*Listed entries*:
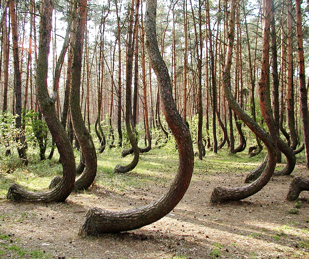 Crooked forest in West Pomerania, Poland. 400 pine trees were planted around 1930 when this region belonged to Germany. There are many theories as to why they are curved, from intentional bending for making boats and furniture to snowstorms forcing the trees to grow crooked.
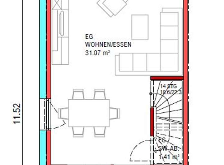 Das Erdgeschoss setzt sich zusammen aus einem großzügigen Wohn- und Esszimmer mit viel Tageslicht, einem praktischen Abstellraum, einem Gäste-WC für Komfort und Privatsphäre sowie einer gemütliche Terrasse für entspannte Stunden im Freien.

* * *

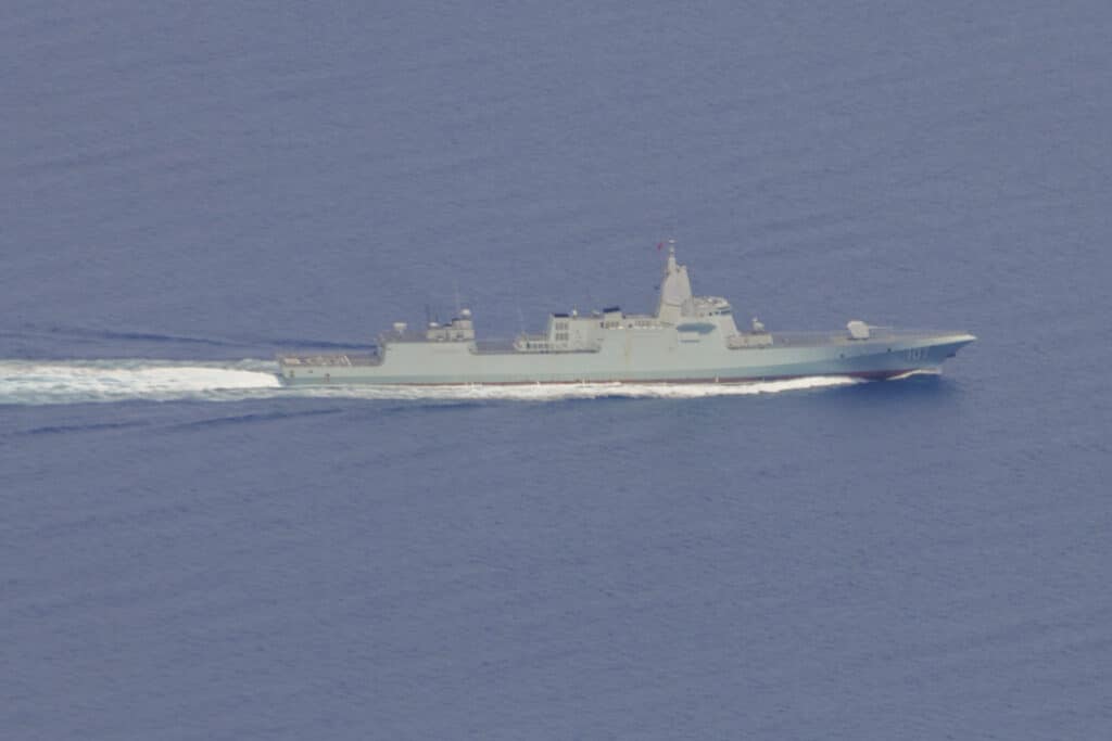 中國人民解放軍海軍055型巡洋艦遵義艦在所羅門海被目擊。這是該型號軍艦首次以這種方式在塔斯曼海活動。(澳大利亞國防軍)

*Task description*: The answer is the lines above from the one with "Crooked forest in" to the one with "Das Erdgeschoss setzt", set down exactly, with no pictures.

*Reply*:
 Crooked forest in West Pomerania, Poland. 400 pine trees were planted around 1930 when this region belonged to Germany. There are many theories as to why they are curved, from intentional bending for making boats and furniture to snowstorms forcing the trees to grow crooked.
 Das Erdgeschoss setzt sich zusammen aus einem großzügigen Wohn- und Esszimmer mit viel Tageslicht, einem praktischen Abstellraum, einem Gäste-WC für Komfort und Privatsphäre sowie einer gemütliche Terrasse für entspannte Stunden im Freien.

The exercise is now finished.